Sport and exercise researchers have documented trauma-related outcomes among abused athletes, including disordered eating, self-harm such as cutting or scratching, alcohol misuse, depression, or suicidal ideation (McMahon & McGannon, 2021; Papathomas & Lavallee, 2014; Roderick et al., 2017; Smith, 2019). These findings align with broader trauma research showing that exposure to adverse events such as abuse, witnessing abuse, as in McMahon's case, can lead to trauma.
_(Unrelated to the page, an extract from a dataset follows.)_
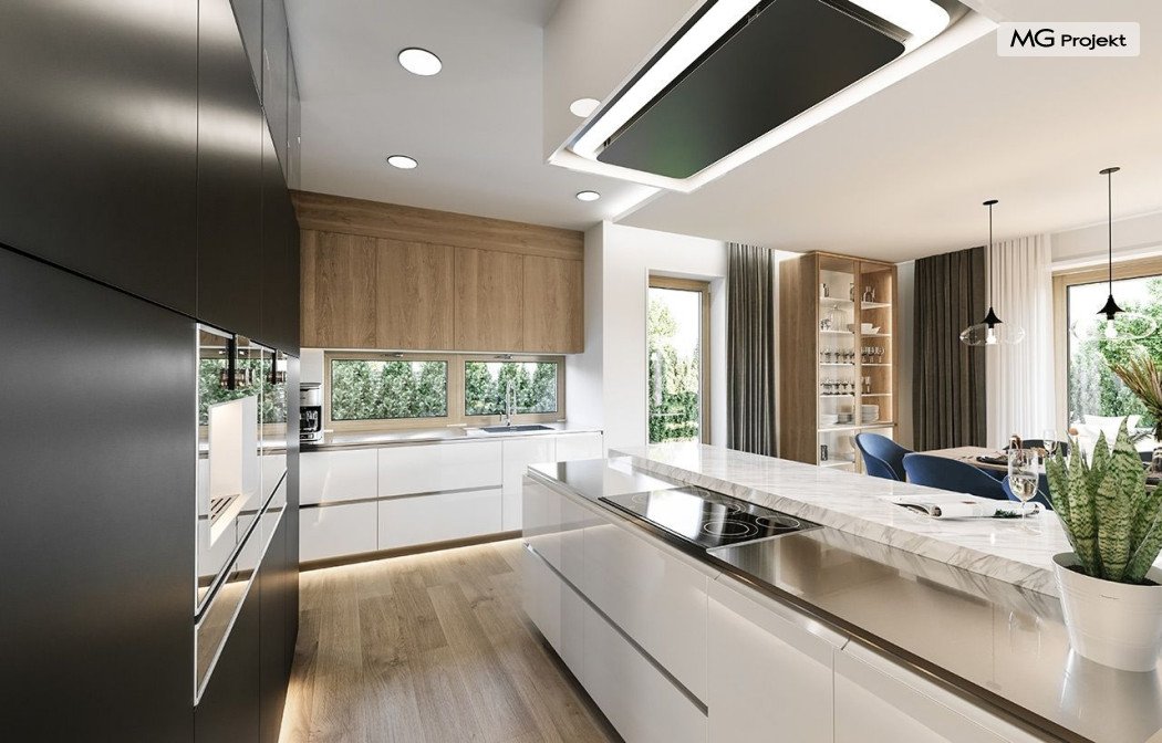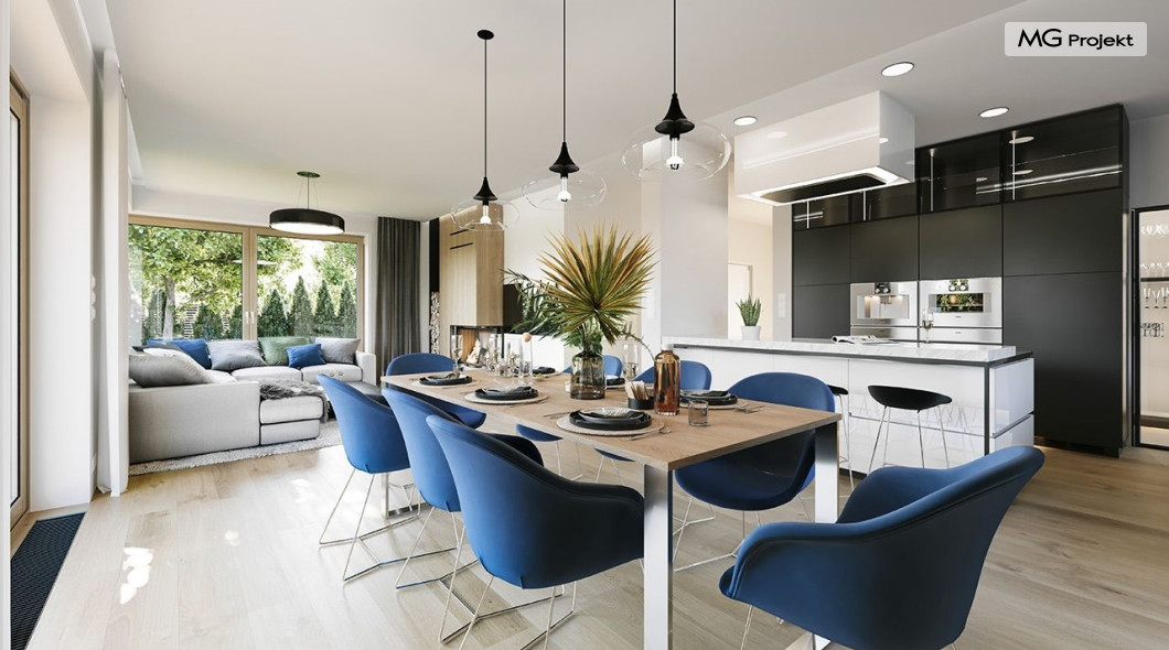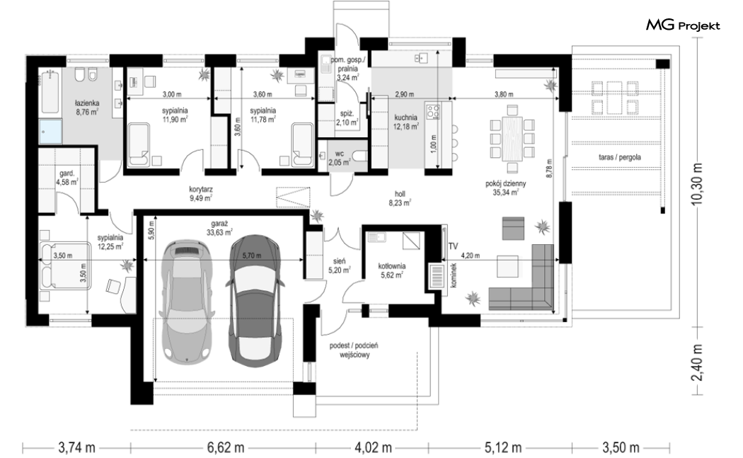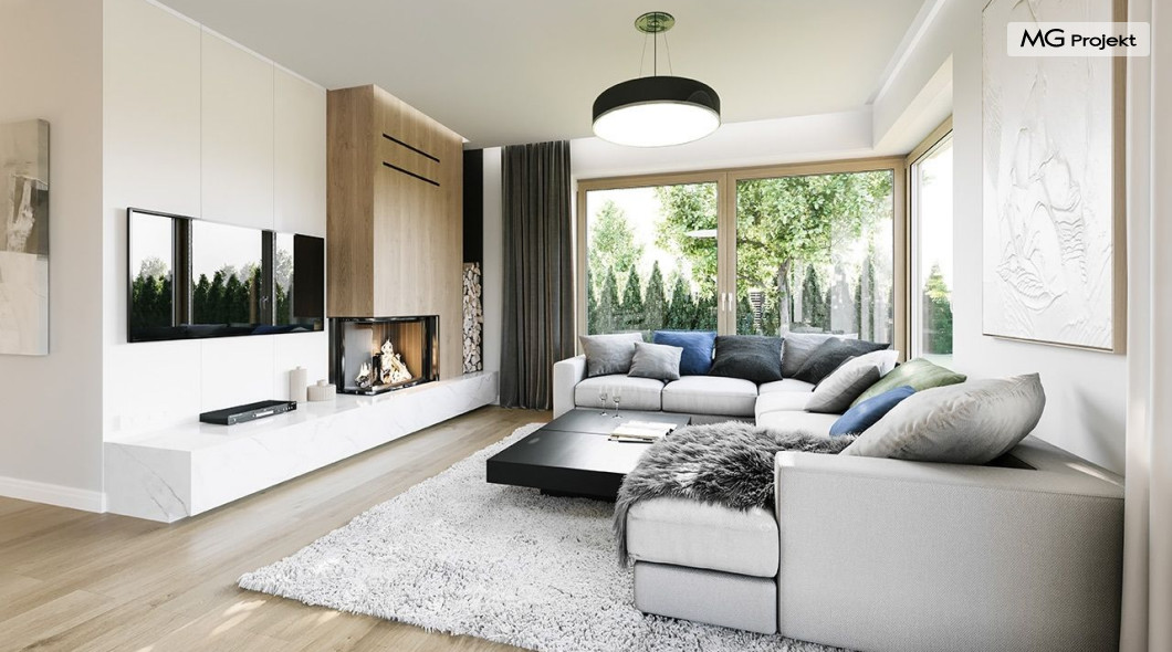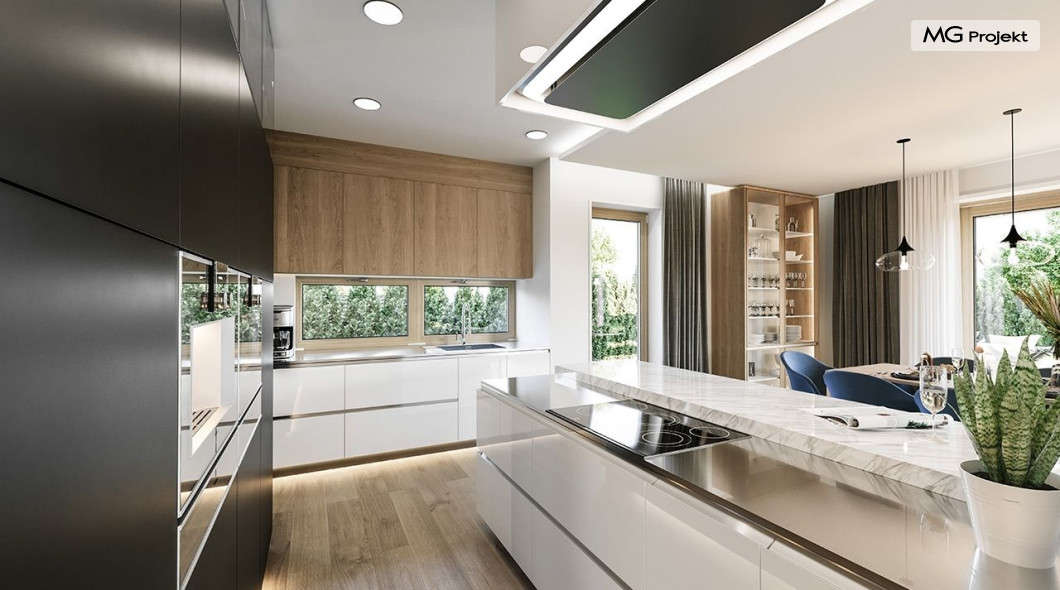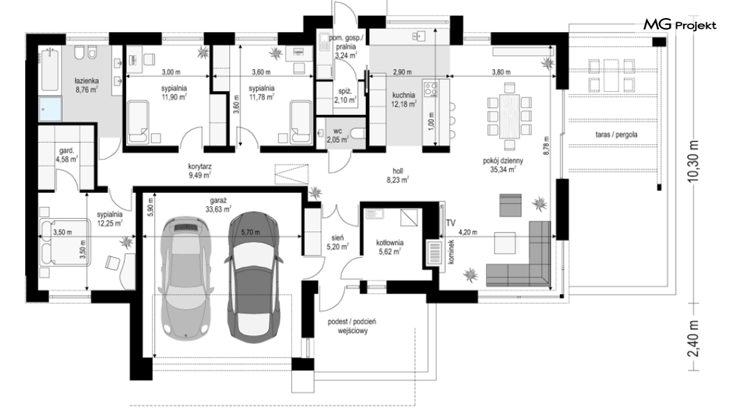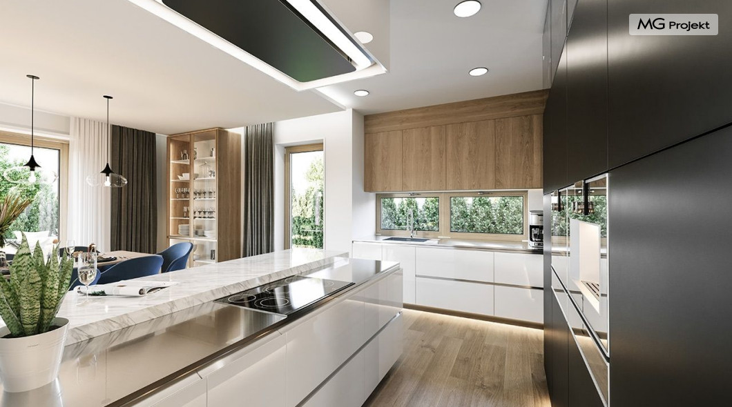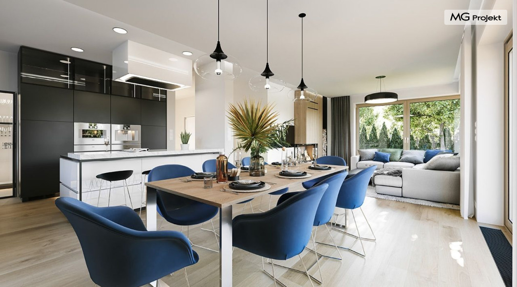 Projekt domu Wymarzony 3 jest kolejnym projektem z serii domów „Wymarzonych” - budynek parterowy, zbudowany na planie prostokąta, z wystającą na froncie częścią garażową przykryty wielospadowym dachem o kącie nachylenia 30 stopni. Projekt domu Wymarzony 3 z trochę bardziej finezyjną bryłą w stosunku do bazowej wersji, z ciekawymi detalami i rozwiązaniami architektonicznymi, tworzącymi nietuzinkowy i oryginalny efekt. Nowoczesną stylistykę projektu, uzyskano przez odpowiedni dobór materiałów, okładzin, zastosowanie dużych przeszkleń, otwierających wnętrze na otaczający ogród. Głównymi elementami nadającymi charakter bryle są : wystający przed ścianę frontową garaż z narożnym zadaszeniem nad podcieniem wejściowym, pięknie zaakcentowane drzwi wejściowe z naświetlami, oraz część tarasowa przedłużająca salon. Dzięki lokalizacji tarasów z boku budynku dom nadaje się doskonale nawet na działkę z wjazdem od południa. Salon w „Wymarzonym 3” jest oświetlony z trzech stron, zatem budynek można lokalizować na działce z ogródkiem z boku albo z tyłu, a nawet od frontu domu, w narożniku działki. Wnętrze : Oryginalna lokalizacja garażu, w centralnej części bryły, daje łatwy dostęp między garażem, przedsionkiem i kotłownią, co jest rzadko spotykane w domach parterowych o prostokątnym kształcie. Tutaj garaż jest w idealnym miejscu - przy wejściu, blisko holu i kuchni. Kotłownia obok salonu i kominka sprawia, że mamy jeden wspólny komin w całym budynku. Z przedsionka wchodzimy do holu i części dziennej połączonych pomieszczeń salonu jadalni i kuchni. Kuchnia jest oddzielona od jadalni półwyspem z barkiem. Z kuchni mamy dostęp do spiżarni, pralni i wyjścia gospodarczego na tył domu. Salon doświetlony jest z każdej strony, a przez piękne przesuwne drzwi w elewacji bocznej wychodzimy na taras częściowo przykryty pergolą. Z drugiej strony domu mamy trzy sypialnie, łazienkę i garderobę. Nad parterem zaprojektowano strop i krokwiową więźbę dachową, dzięki czemu do dyspozycji jest dodatkowy duży strych - magazyn, do dowolnej aranżacji. Na strych dostajemy się schodkami drabinkowymi z holu. Konstrukcję dachu można przeprojektować też na wiązary kratownicowe i wyłączyć tą przestrzeń z jakiegokolwiek użytkowania. Projekt domu Wymarzony 3 to komfortowa, wygodna mini-willa dla czteroosobowej rodziny - funkcjonalna, praktyczna, bez biegania po schodach. Budynek jest energooszczędny, ma prostą konstrukcję, będzie łatwy w budowie i tani w utrzymaniu. Zapraszamy do zapoznania się z pełną ofertą pracowni MG Projekt tej serii: Wymarzony, Wymarzony 2, Wymarzony 4, Wymarzony 5, Wymarzony 6, Wymarzony 7, Wymarzony 8, Wymarzony 9, Wymarzony 10, Wymarzony 11.

Other adverse events linked to trauma include, having a member of the family with a mental health or substance use disorder, traumatic injury, discrimination (e.g., racial or systemic), the death of someone close, natural disasters, hospitalisation, incarceration, terrorism, bullying, war, violence, or poverty (SAMHSA, 2014, 2023). Trauma is recognised as a global health crisis, with both short- and long-term impacts (Menschner & Maul, 2016; SAMHSA, 2014, 2023). Consequently, those impacted, like McMahon, require ongoing, diverse support to reduce risks of re-traumatisation, with the research context and researcher practice being no such exception (Dye, 2018; McMahon & McGannon, 2024; McMahon et al., 2024; SAMHSA, 2023).
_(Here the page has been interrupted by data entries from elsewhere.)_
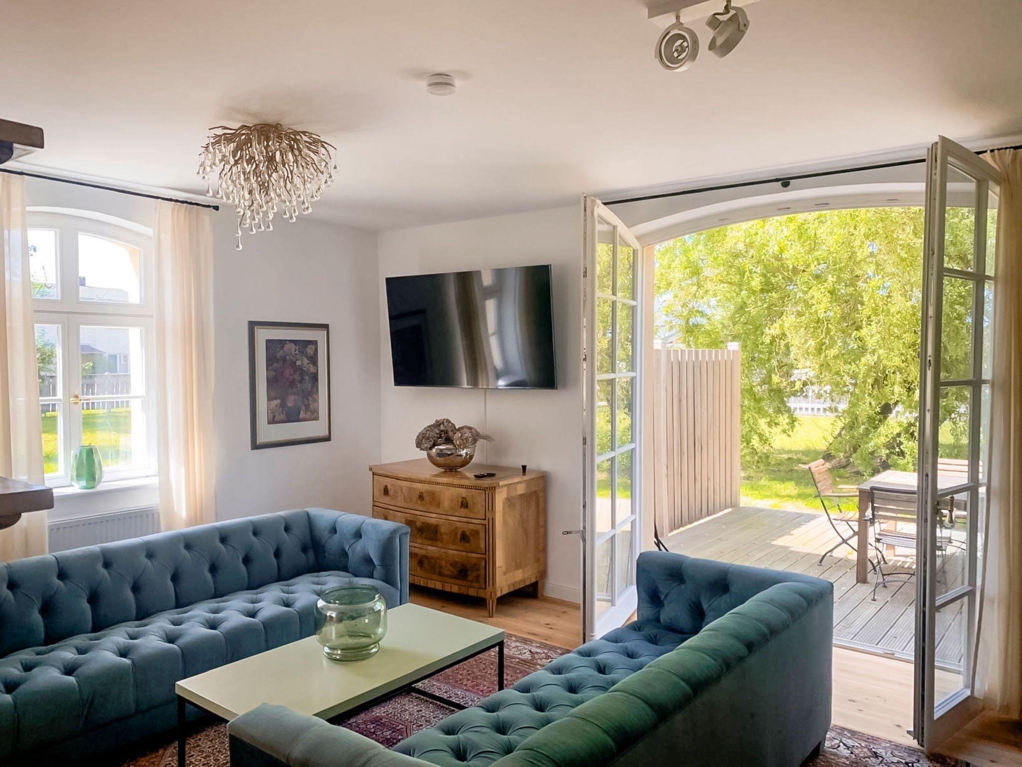 • Wohnzimmer mit Kamin: Lichtdurchflutet und gemütlich, mit TV-Flatscreen und einladender Sitzgarnitur.
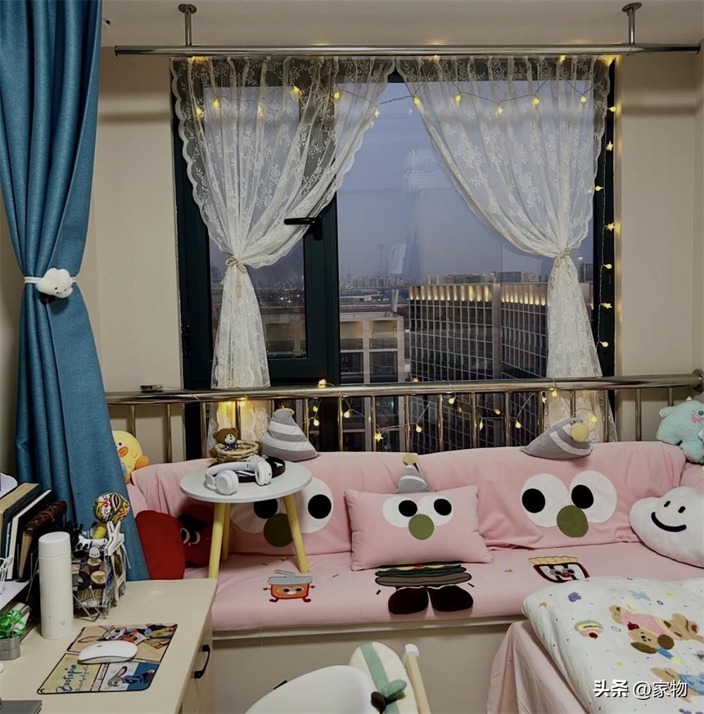 哦對,窗簾是宿舍自帶的,但窗戶上的紗簾和小燈泡是自己加的,也算是爲這平淡無奇的宿舍單間點染一些浪漫氛圍,不得不說,這姑娘是真有想法~
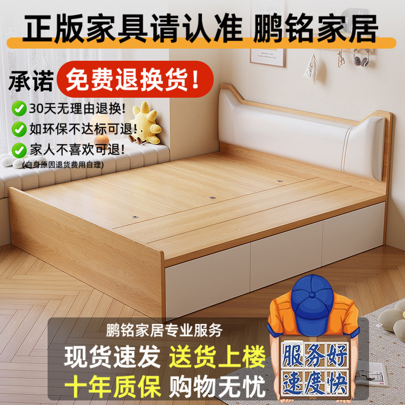 实木榻榻米床双人储物床现代简约无床头床小户型单人1.2/35/8定制

If survivors of trauma are required to recall or discuss specifics of adverse events during research, as was the case for McMahon, re-traumatisation may result (Butler et al., 2011; Hira et al., 2023; McMahon et al., 2024). Other aspects of the research process that can affect both participants and researchers who are survivors, include environments resembling the original traumatic event, power imbalances between researcher and participant, room configuration (e.g., obstructed exit) or physical distance between researcher and participant, all of which can lead to re-traumatisation (Butler et al., 2011; Hira et al., 2023; McMahon & McGannon, 2024; McMahon et al., 2024).
Although arts-based autoethnography involves self-stories, researchers can occupy the position of survivors of abuse, as was the case with McMahon. In these instances, trauma-informed methods and purposeful decisions were implemented to minimise the risk of further harm. It was crucial for McMahon to foreground her embodied experiences in ways not always possible in other forms (e.g., written stories/vignettes). During her adolescence, male sport staff suppressed her body and voice, therefore, experiencing similar restrictions again, even in a research context, could echo aspects of her original trauma and cause harm (McMahon & McGannon, 2024).
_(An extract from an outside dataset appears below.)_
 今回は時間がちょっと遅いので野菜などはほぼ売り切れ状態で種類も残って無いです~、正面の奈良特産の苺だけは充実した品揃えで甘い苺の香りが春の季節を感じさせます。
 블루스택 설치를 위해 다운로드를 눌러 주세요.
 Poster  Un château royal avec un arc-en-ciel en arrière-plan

McMahon also sought to weave together multiple elements of her embodied experience using several artistic methods (e.g., drawing, shading, various colour, collage and poetic prose) to reflect the depth and complexity of her trauma. This approach was important because she found it challenging to express these experiences through standard written academic writing. As van der Kolk (2014) explains, traumatic events are often remembered visually or in auditory ways rather than in written words, making arts-based representations especially valuable in trauma work (McMahon et al., 2024).
Trauma researchers have shown that arts-based methods can evoke sensory and embodied experiences, enabling survivors to express traumatic memories non-verbally (Goldner et al., 2021; Lev-Wiesel et al., 2022; Malchiodi, 2015). Arts-based autoethnography and the use of arts-based methods achieve what traditional written formats cannot by capturing the multi-sensory nature of trauma and opening new ways to share it with audiences (Holman Jones & Adams, 2023). This contrasts with mainstream positivist methodologies, which often prioritise disembodied objectivity over subjective, sensory experience (Colacchio et al., 2025).
Arts-based autoethnography aligns with trauma-informed practices and offers a safe approach for survivors to (re)engage with their lived experiences (McMahon et al., 2024). Using arts-based methods can reduce trauma symptoms, such as emotional distress, sleep disturbances, and anxiety (Morison et al., 2022). Arts-based methods also support survivors in expressing their trauma narratives, aiding meaning-making and the creation of new narratives (Malchiodi, 2020). The next section outlines how these methods align with the trauma-informed practices of safety as well as empowerment, voice and choice. Although arts-based autoethnography connects with all six trauma-informed practices (McMahon et al., 2024), space constraints limited our focus to two key principles relevant to other survivors of abuse (McMahon et al., 2024). SAMHSA's (2023) framework, developed by a working group of specialists, draws on literature, professional practise guidelines, and consultations with survivors. Beyond research, SAMHSA's framework has been applied successfully in diverse trauma contexts including “child welfare, education, criminal and juvenile justice, primary health care and the military” (SAMHSA, 2014, p. 3).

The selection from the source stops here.